Agencies well bid on buyback, month-end, trader says; supply to stay tight, strategist says

By Kenneth Lim

Boston, June 30 - Agency spreads tightened by about 2 to 5 basis points across the yield curve on Tuesday amid buybacks by the Federal Reserve Bank of New York and month-end activity, as the market closed the second quarter expecting supply to decline.

Agencies were "very well bid" on Tuesday as spreads contracted across the board, an agency trader said.

"We saw continued buying across the curve on the Fed buying program," the trader said. "We also saw month-end expansion, saw a lot of month end-related buying."

The New York Fed on Tuesday said it bought $1.2 billion of agency paper due 2016, 2017, 2018, 2030, 2031 and 2032.

Tightening quarter

The second quarter saw "pretty massive tightening" of spreads because of the Fed's buyback program and expectations of reducing portfolios at Freddie Mac and Fannie Mae, an agency strategist said.

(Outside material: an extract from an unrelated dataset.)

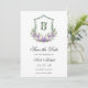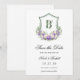 Det här vackra lila och vita blomsterkronebröllopet "Save the Date"-kort med brudens och brudgummens initialer skulle vara perfekt för ditt bröllop. Dess formulering är traditionell men ändå modern och typsnitten är utsökta. De lila och vita akvarellrosorna, peoniorna och liljekonvaljerna och de luftiga gröna växterna är fantastiska tillsammans.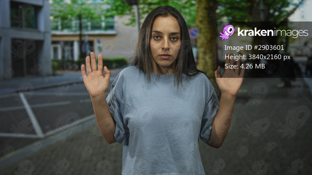 Woman with raised palms and open hands on a city street, facing camera with a serious neutral expression; concern surrender.

In the first quarter, those two agencies had some large new issues, leading to a belief that they were bulking up their mortgage portfolios to push down mortgage rates, the strategist said. But the Fed buyback and rising delinquency rates have made it apparent that Freddie and Fannie are in no great need to raise funds, the strategist explained.

"It's become obvious, as their delinquency rates continue to rise, that they don't need to raise as much," the strategist said. "They're still on the operating table. They're not ready to go out."

Declining supplies ahead

The amount of available agency paper is likely to continue to evaporate in the second half of the year, the strategist said.

Fannie Mae's scheduled Benchmark Notes announcement on July 8, if it is not skipped like the two in June, will probably be a small deal, the strategist said.

"Maybe they'll pass, maybe they won't, but it's probably going to be a $3 billion to $4 billion two- or three-year note or something like that," the strategist said.

The agencies will also be reducing their portfolio sizes, by 10% per year beginning 2010 to an eventual target of $250 billion each, as part of their coming under the conservatorship of the Treasury. And the end of the year could see supplies dry up at a hastened pace as lenders refinance their mortgages.

"I think we'll go into runoff mode before January, so that's going to be even more friendly for debt," the strategist said.

The days of growing portfolios to raise stock prices are also probably over at Freddie Mac and Fannie Mae, the strategist said.

"I don't think they're going to be running that way anymore," the strategist said.

Fed-supported demand

The Fed will continue to be the main demand driver as it buys back agency paper, the strategist said.

"Demand is really driven by the Fed's demand," the strategist said. "If the Fed said tomorrow they're not buying any more agencies, I think demand is going to fall off quite a bit."

But spreads can only tighten by so much, the strategist said. Shorter-term paper will probably hit a floor of about 10 basis points over Treasuries if Treasury yields remain low, beyond which investors will simply choose the safer option. If Treasury yields are higher, the spread floor will also increase.